The delineation of genomes into uncharacterized species groups expanded the existing sub-clades within Burkholderia sensu lato. For example, an additional five species groups were identified alongside the species clade harboring the Burkholderia cenocepacia type strain; several of these species groups were also observed in other genomic studies (Wallner et al., 2019; Jin et al., 2020). Novel group 007 described herein (Figure 2 and Supplementary Figure 3), also known as BCC06 (Jin et al., 2020), was recently the focus of a study to distinguish this B. cepacia complex group, representing historical recA gene-derived genomovar lineage IIIB, from the closely related B. cenocepacia type clade (IIIA) due to observed variations in virulence factor distribution (Wallner et al., 2019). The authors propose the novel, non-validated species name “Burkholderia servocepacia” for this genomic grouping within B. cenocepacia (Wallner et al., 2019). Our comparison of the “B. servocepacia” genomes against our substantive dataset illustrates that an adjustment of the ANI threshold to 96% (Figure 2) is required to fully delineate this genomic species grouping from the B. cenocepacia type group. Representatives within both the B. cenocepacia and “B. servocepacia” species groups are capable of virulent human infections, especially in people with cystic fibrosis, highlighting the need to accurately delineate both species using systematic genomic taxonomy criteria. While the taxonomic split between B. cenocepacia and “B. servocepacia” remains intact when applied to a larger genome collection (246 and 56 genomes, respectively), the stated distribution of predicted virulence factors as evidence of a potential division in pathogenesis versus environmental adaptation (Wallner et al., 2019) should be viewed with caution. Another group of potential clinical importance was the clustering of 11 genomes that represented a distinct species group, novel_036, in the Burkholderia pseudomallei group, alongside the five existing member species (Supplementary Figure 3 and Supplementary Table 4). This represents the latest proposed addition of a species group to the complex since the description of Burkholderia humptydooensis (Tuanyok et al., 2017), and may contribute to our understanding of the evolution of this important species complex.

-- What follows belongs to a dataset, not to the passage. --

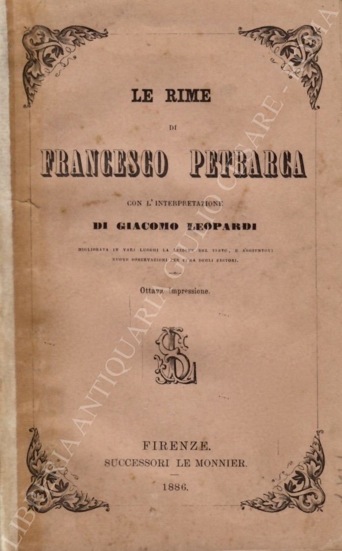 Le Rime. Con l'interpretazione di Giacomo Leopardi migliorata in varj luoghi la lezione del testo, e aggiuntovi nuove osservazioni per cura degli Editori

While our study revealed the hidden genomic diversity of the Burkholderia sensu lato genera, even further diversity exists based on the multiple named species on the List of Prokaryotic names with Standing in Nomenclature (LPSN) (Parte et al., 2020) that lack genome assemblies. Historically, single-gene or multi-locus sequences were used alongside genetic fingerprinting techniques and biochemical assays to identify strains and species (Coenye et al., 2001b). Subsequent genome sequencing can lead to conflicts in ANI species thresholds where two validly named species possess ANI values greater than 95% (Rusch et al., 2015) or a valid species is actually composed of two closely related (>95%) but distinct lineages (Wallner et al., 2019). Escherichia and Shigella represent a well-known example of genera that are maintained as distinct for clinical relevance despite genomic relatedness; a distinction also noted for Bacillus anthracis/Bacillus cereus and Mycobacterium species (Ciufo et al., 2018). In contrast, an illustration of the potential genomic diversity being concealed by 16S rRNA gene-based strain identification was the strain Burkholderia sp. L27(2015) (GCA_009765705.1) (Lladó et al., 2016), which potentially represents a novel genus within Burkholderia sensu lato based on the phylogenomics presented in our study (Supplementary Figure 1). We identified evidence of several distinct lineages within Paraburkholderia, the most genetically diverse genus in Burkholderia sensu lato based on the comprehensive ortholog-based phylogeny. This sub-clade structure has been observed previously to a limited degree (Beukes et al., 2017; Estrada-de los Santos et al., 2018), however, multiple additional lineages were visible following the inclusion of 119 Paraburkholderia type strains and proxy type strains (Figure 3 and Supplementary Figure 3).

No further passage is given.